To drive the point home further still, DeepSeek V3.2 came out on December 1, 2025 and again achieved the 83% performance threshold, but this time at a two order of magntiude reduction in cost when compared with OpenAI o1. Specifically, the total cost to run the benchmark was only $2.24.
Thus, for a fixed level of performance, we see the price drop from $75 to $6.75 to $2.24 over the course of a single year. As a result, I argue that any task solved by a closed source model will see enterprise buyers transition to cheaper open source models within 6 months to one year.
And there’s reason to expect this pace to accelerate. As Huawei and SMIC close the gap with NVIDIA and TSMC, and now that NVIDIA potentially regains the ability to sell H200 chips in China, the Chinese open-source labs will have access to better hardware while maintaining their cost structure advantages. We may be looking at only a couple of months between closed-source frontier releases and open-source replication with substantial cost reduction.
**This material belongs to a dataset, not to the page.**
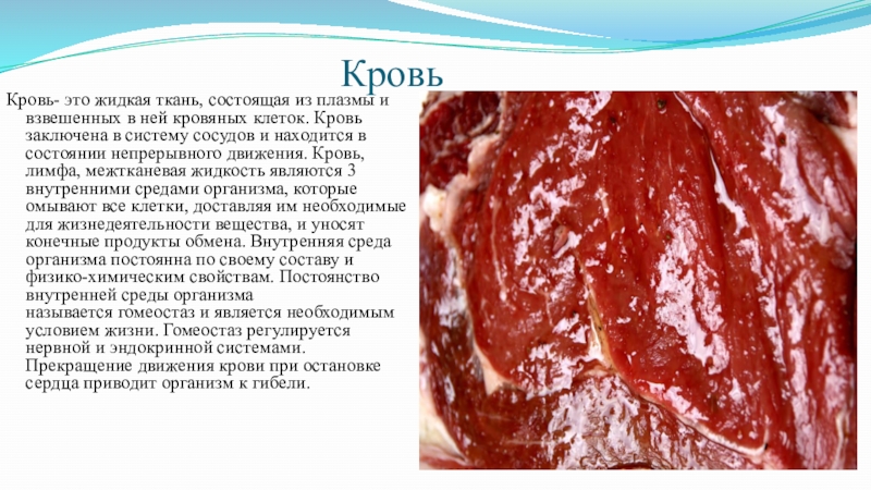 кровяных клеток. Кровь заключена в систему сосудов и находится в состоянии непрерывного движения. Кровь, лимфа, межтканевая жидкость являются 3 внутренними средами организма, которые омывают все клетки, доставляя им необходимые для жизнедеятельности вещества, и уносят конечные продукты обмена. Внутренняя среда организма постоянна по своему составу и физико-химическим свойствам. Постоянство внутренней среды организма называется гомеостаз и является необходимым условием жизни. Гомеостаз регулируется нервной и эндокринной системами. Прекращение движения крови при остановке сердца приводит организм к гибели.

V. The AGI-Agnostic Conclusion
What I think makes this view most compelling is that it doesn’t depend on AGI being decades away.
The conventional case for open source often rests on an assumption that we’re approaching a capability plateau. That is, that base model improvements will slow down, shifting competition to fine-tuning, cost, and vertical specialization. This assumes that the vision of the future espoused by the US AI labs, predicated on artificial superintelligence (ASI) and runaway intelligence explosions, is wrong, while China’s view of commoditized intelligence is correct. That may well be true, but it’s a bet on a particular trajectory of AI progress.
The task saturation argument is stronger because it’s agnostic to the AGI timeline. When you’re building a company, you’re typically building for a specific use case. That means you’re operating in the saturation regime, not the model scale-up regime. Even if frontier models continue improving rapidly and the AI-2027 timeline plays out, the task your company is built around has a capability threshold beyond which additional model intelligence doesn’t matter.
And once you’re in the saturation regime, the only dimension of competition that matters is cost. Open source wins on cost, systematically and structurally, because open-source economics allow for lower margins and broader distribution.
The practical takeaway for company builders is this: bias toward open source, and do so for cost reasons rather than capability bets.
If you’re building an AI-native product, ask yourself: what capability threshold does my use case actually require? Chances are, that threshold is either already achieved by current open-source models or will be within 6-12 months of a closed-source model first reaching it. Build your infrastructure and workflows around the assumption that you’ll be running on open-source models, even if you start with closed-source APIs for speed to market.
The benchmark that matters isn’t “which model is smartest.” It’s “which model solves my task cheaply enough.” And open source is destined to systematically win that competition through relentless cost deflation.